Friday, August 19, 2011

Money Back Health Insurance Plan.by IndiaFirst Life Insurance


IndiaFirst Life Insurance, a joint venture between Bank of Baroda and Andhra Bank along with UK's Legal & General, has announced its foray into the health insurance market with the launch of IndiaFirst Money Back Health Insurance Plan. 


A substantial part of the premium you pay is actually credited into your policy account and this money is invested in various funds as per your choice to get you optimum returns.

This money accumulates in your account and comes back to you at the end of the policy. What's more, you can also use this amount anytime if you need to cover hospital expenses that are beyond the insurance limits or not payable under this policy.

The plan is a long term plan for 5 or 10 years and offers dual tax benefit of Section 80C and 80D, under the current tax laws.

It offers the convenience of cashless treatment, cover for 195-day care procedures, re-imbursement of medical expenses for 30 days pre and 60 days post hospitalization, cover for the entire family (spouse, two children and two dependent parents) under one plan.

It is an indemnity-based plan - the insurer will reimburse the expenses incurred on hospitalization, subject to the sublimit and other conditions.

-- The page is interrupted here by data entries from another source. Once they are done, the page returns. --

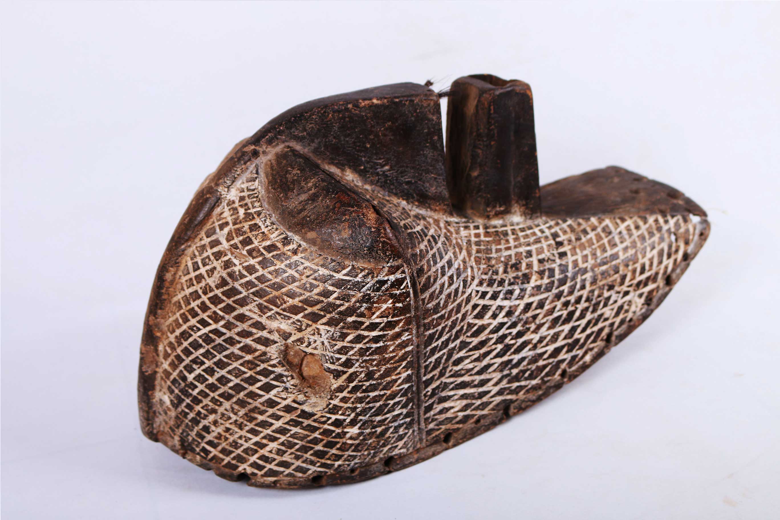 Kifwebe masks were made for the BwadiBwaKifwebe association, a type of policing society that provided a means of controlling social behaviour and neutralizing disruptive elements within the group. These masks appeared at the installation and death of a chief, and at the initiation rites of young men as well as a whole range of occasions that included punishments, warfare and public works. There is great variety and symbolism within the various Kifwebe masks. More than thirty different mask names have been recorded. Several have animal names while other masks have names of illnesses like leprosy or names denoting natural phenomena. For the most part, Kifwebe masks no longer function to maintain social control among the Songye except in the southeastern regions bordering on Luba territory. Female masks, in direct relation to the physical world and procreation, move calmly; their task is to invoke benevolent spirits that will influence the future generation. Female masks are associated with the moon and are worn for moon rituals as well as during funerals and initiation rites.”Beauty and the Beasts: Kifwebe and Animal Masks of the Songye, Luba
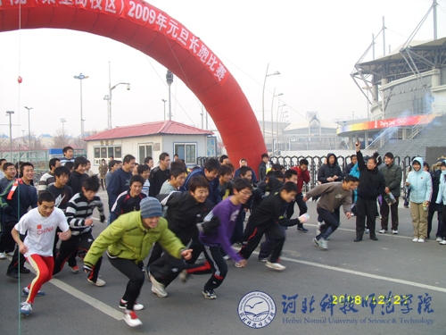 图为体育系在秦皇岛校区举办的体育系、计算机系等10余个系师生参加的庆元旦长跑比赛赛场
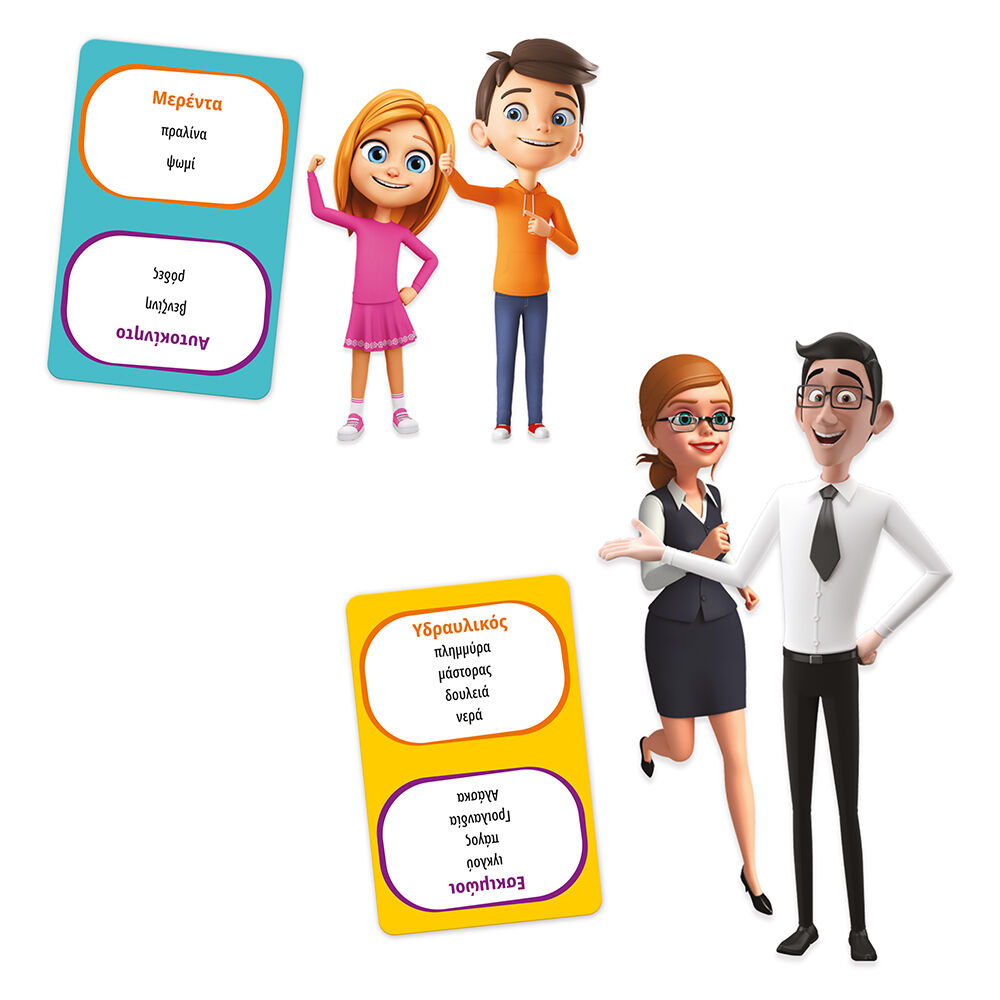 Μικροί και μεγάλοι προσπαθούν να φτάσουν στον τερματισμό μαντεύοντας όσες περισσότερες λέξεις μπορούν! Προσοχή, τα ειδικά πεδία στο ταμπλό μπορούν να ανατρέψουν το παιχνίδι! Ήρθε η ώρα να αποδείξετε ποιος είναι καλύτερος στη μεγαλύτερη οικογενειακή αναμέτρηση!
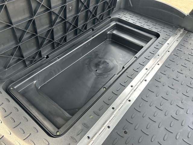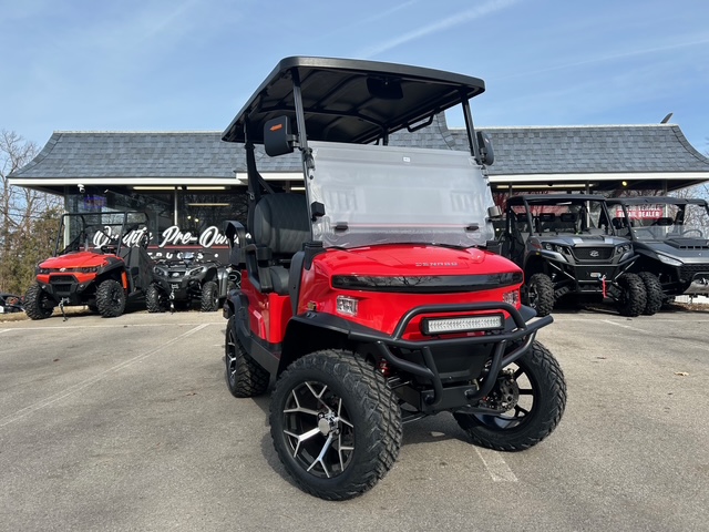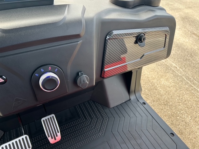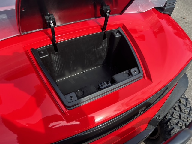 The design of these models showcases futuristic feel, with a front end reminiscent of the Tesla Cybertruck. Stylish wheels and an aggressive brush guard complement the look. Available in a variety of cool colors like Lava, Blue, White, Black, and more, you can easily find a cart that fits your vibe. Other notable exterior features include standard LED lights, side mirrors, a storage compartment, a windshield, and a canopy with grab handles.
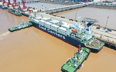 去年以來,浙江省玉環(huán)市持續(xù)加強(qiáng)對(duì)港口企業(yè)的引導(dǎo)力度,拓展大麥嶼港與東南亞國家、RCEP國家的合作。圖為一艘滿載6245噸新季獼猴桃的新西蘭貨輪停泊在大麥嶼港集裝箱碼頭,該航線是大麥嶼港于去年成功開通的RCEP國家水果進(jìn)口航線,實(shí)現(xiàn)了入境水果業(yè)務(wù)零的突破。段俊利攝(人民視覺)
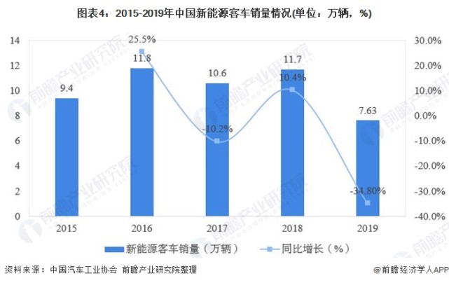 我国新能源客车销量在2016年达到近几年来销量的最高值,主要得益于各地方政府在公共领域积极推广新能源汽车,带动了新能源客车的市场规模提升。2017-2018年,随着政策和市场需求的变化,我国新能源汽车销量波动趋势较明显,2019年,销售7.63万辆,较2018年下降幅度较大。
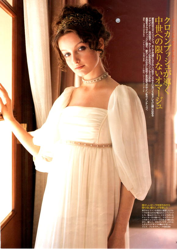 優しい素材のエンパイアのドレスには、ベルトとお揃いのチョーカーを。
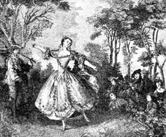 Неудивительно, что в некоторых из балетов практиковалось ношение маски, этой возрожденной античной традиции. Опера-балет тех дней дала нам множество знаменитых музыкантов, таких как Детуш (Destouches), придавший балетной музыке новую «силу», и Рамо (Rameau). Жан-Жорж Новерр (Jean Georges Noverre) убрал вокальные партии и ввел пятиактовый балет на основе собственных разработок в 1776. Наверное, в какой-то степени он последовал совету Гаррика (Garrick), с которым познакомился в Лондоне. Многочисленны имена известных танцоров XVIII века, таких как Пекур (Pécourt), Блоди (Blaudy) (учитель мадемуазель Камарго), Лаваль (Laval), Вестри (Vestris), Жермен (Germain), Прево (Prevost), Лафонтен, и Камарго (Camargo) (рис. 61 ); так же, как и танцоров века XIX — Таглиони (Taglioni), Гризи (Grisi), Дюверне (Duvernay), Черрито (Cerito), Элслер (Ellsler) и др., а также многих, знаменитых в наши дни. По сути, простое упоминание всех имен было бы отдельной работой.
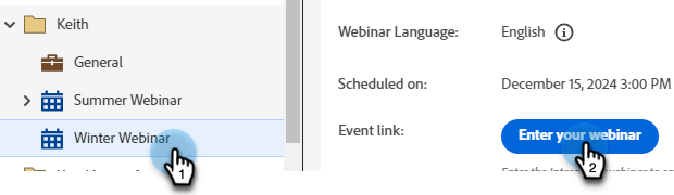 Seleccione el evento y haga clic en Participe en el seminario web.
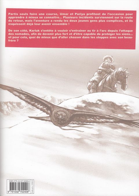 Partis seuls faire une course, Umar et Pariya profitent de l'occasion pour apprendre à mieux se connaître... Plusieurs incidents surviennent sur la route du retour, mais l'aventure a rendu les deux jeunes gens plus complices, et ils esquissent déjà leur avenir ensemble ! De son côté, Karluk s'entête à vouloir s'entraîner au tir à l'arc depuis l'attaque des nomades, afin de devenir plus fort et d'être capable de protéger les siens... et pour cela, quoi de mieux que d'aller chasser dans les steppes avec son beau-frère ?
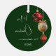 Ein grün gefärbter Farbverlauf. Rot und goldfarben dekoriert. Personalisieren Sie Ihren Namen, Jahr. Text: Frohe Weihnachten
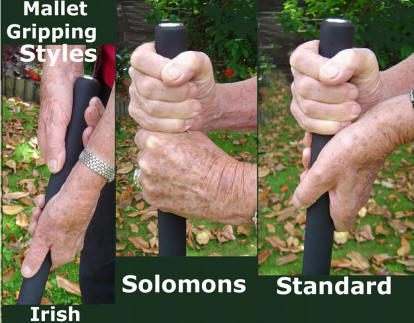 He said I need a 3 pound mallet !Ah huh... This is a carry-over from last century.. and before when most mallets had wooden handles that were glued in. The mallets were weighed as a complete item... Handle and head all together. These days we tend to measure the weight of the head. 1kg=2lb 3 (and a bit) ounces. The head is the bit that does the work. (Hammer and nail) Balls weigh one pound (16oz) each.. 2 balls weigh 2 pounds Handles don't really weigh very much these days. Horus heads weigh under 2lbs, CarbonXtremes (N)ormal = 1kg 2lb3oz, BlackBirds Rainbows (N)ormal = 1kg 2lb3oz For G.C. go lighter (Horus or other "Light") EG. Rainbow (Light) CarbonX (Light) For A.C. go to 1kg (2lb3oz) ~whaterver rocks your boat. What does Mike play with? AC & GC, 12.5" (310mm) 0.950kg. (just over 2lbs) Most popular? CarbonXtreme 280, 1kg. (2lbs 3 1/2 oz) with a .910 (36") TaperedOvalGrip & a Mushroom -------------------------------------------------------- |
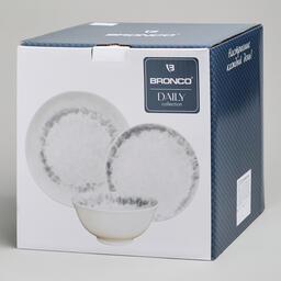 ТМ BRONCO «DAILY» - современная и стильная коллекция на каждый день. Удобные формы и размеры, нежный узор, напоминающий дымку, сделают повседневную трапезу особенной. Прекрасный подарок! Посуда выполнена из высококачественного фарфора, прошла сертификацию и безопасна для контакта с пищевыми продуктами. Можно смело использовать в микроволновой печи и мыть в посудомоечной машине.
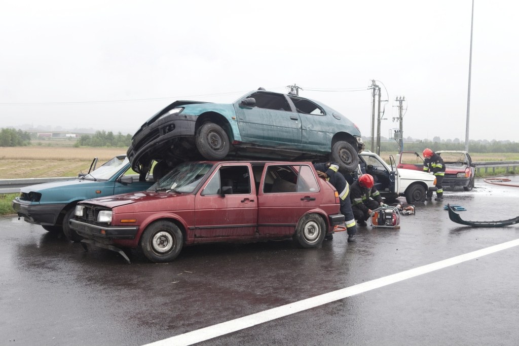 Według scenariusza, w wypadku, w którym uczestniczyło kilkanaście samochodów rannych zostało 16 osób, w tym kilkoro ciężko, dwie osoby zginęły. / PAP
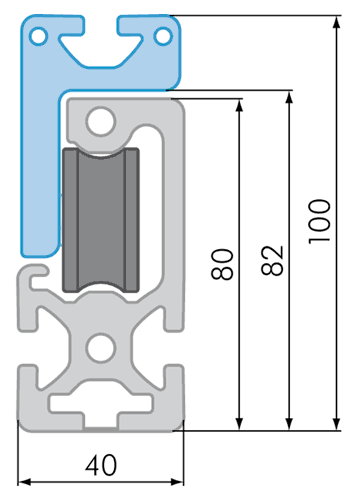 C-Führungen mit Kunststoffrollen. C-Führungen benötigen keine Schmierung und sind eine kostengünstige Alternative zu Stahlführungen.
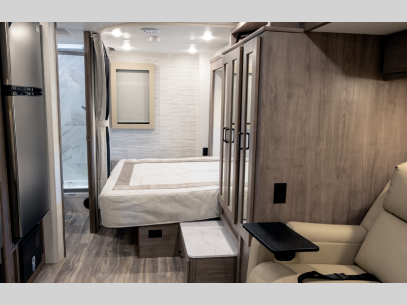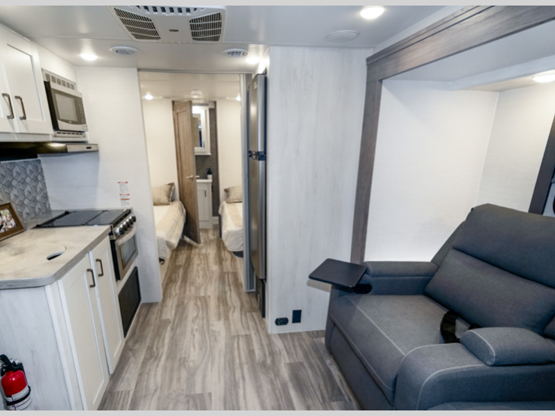 Sleeps 3 Slides 1 Length 28 ft 9 in Ext Width 8 ft Ext Height 10 ft 6 in Int Height 6 ft 5 in Interior Color Smoke, Fog Exterior Color Standard Graphics, Full Paint Option, Partial Paint Option GVWR 14500 lbs Dry Weight 10779 lbs Cargo Capacity 3721 lbs Fresh Water Capacity 37 gals Grey Water Capacity 32 gals Black Water Capacity 32 gals Furnace BTU 25000 btu Generator 4.0 kW Enclosed Fuel Type Gasoline Engine 7.3L V8 Chassis Ford E-450 Fuel Capacity 55 gals Available Beds RV Queen Refrigerator Type 12V Double Door Refrigerator Size 8 cu ft Cooktop Burners 3 Number of Awnings 1 LP Tank Capacity 42 lbs Water Heater Type Tankless AC BTU 13500 btu Awning Info Power w/LED Lights & Speakers Shower Type Standard Similar Floorplans
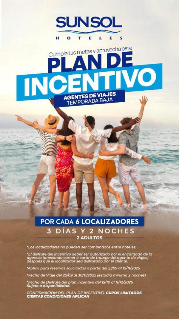 - Por cada 6 localizadores gánate 3 Días y 2 Noches para 2 adultos en Sunsol Hoteles.
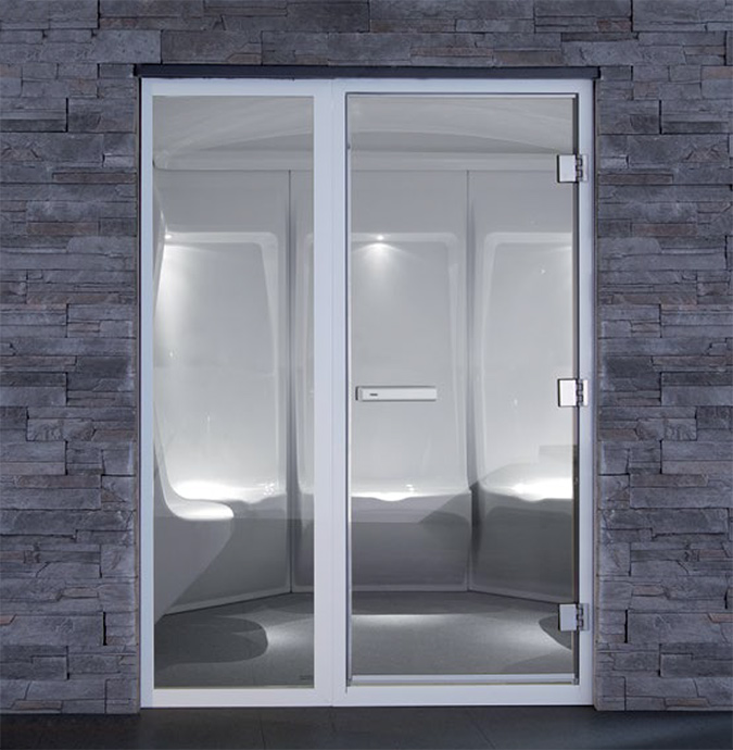 - de sièges individuels intégrés aux parois (des spots d'éclairage à LED, encastrés dans le haut du siège, contribuent au sentiment de clarté, d'espace et de sobriété qui se dégage de ces cabines).
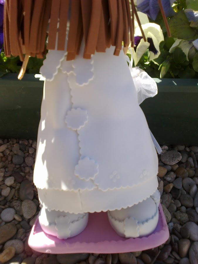Os presento el último trabajo realizado, una fofucha de comunión que se ha ido para Canarias. Esta niña quiso hacer la comunión de corto y con bailarinas. Como podéis ver el vestido es con falda doble y con el cuerpo bordado. Lleva un lazo en la cintura y en el pelo, a juego con la falda. El peinado es trenzado y con abalorios. Lleva a su vez una cadena con un angelito, una pulsera dorada y un ro ...
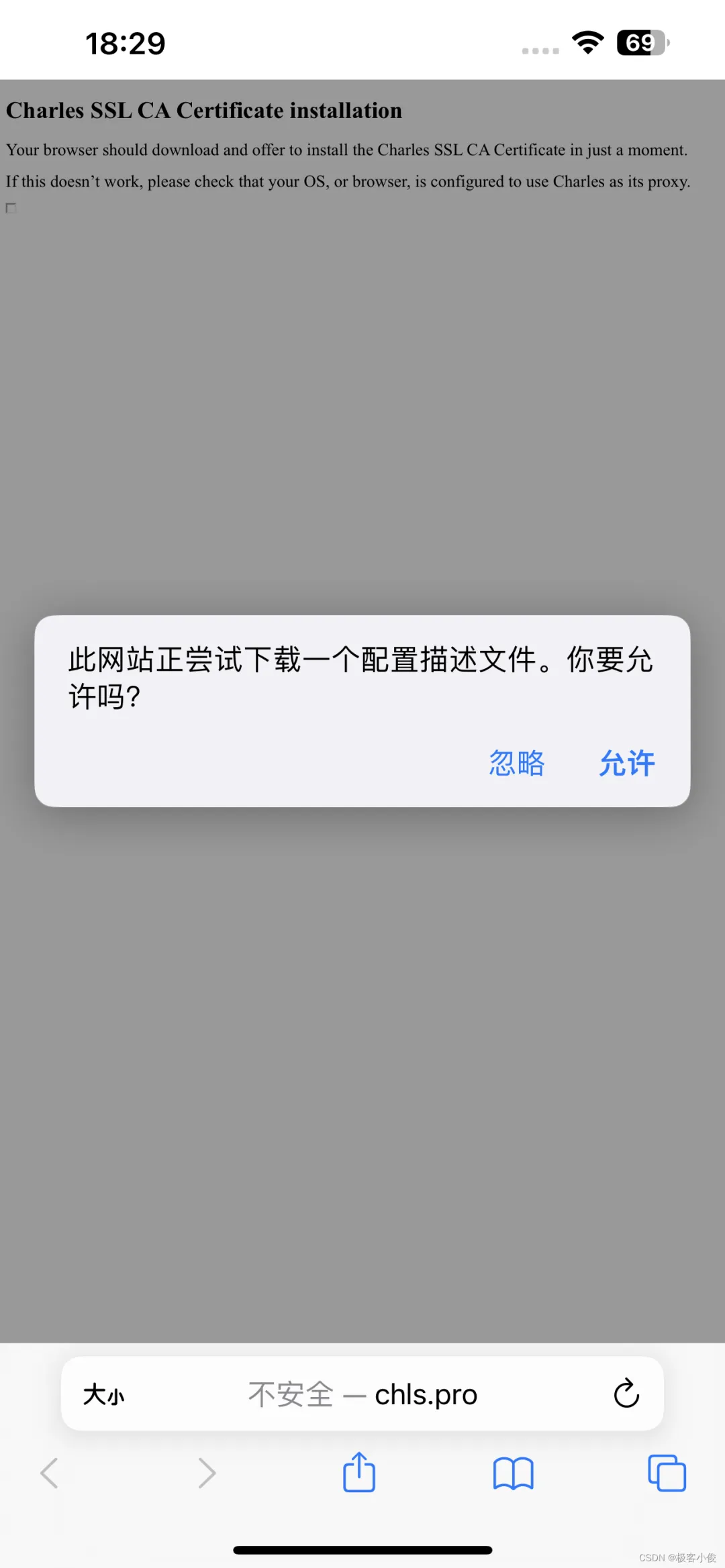 那么接下来我们就可以到iOS手机端打开Safari浏览器输入地址为https://chls.pro/ssl去下载并安装证书!

You can choose between five fund options.

FEATURES: It is available as individual and family floater plans. The floater plan covers the policyholder, spouse, two children and two parents.


The policyholder will be the 'primary life assured', and others will be referred to as 'other life assured'. Upon the death of the 'primary life assured', the benefits are paid out and the policy ceases to exist.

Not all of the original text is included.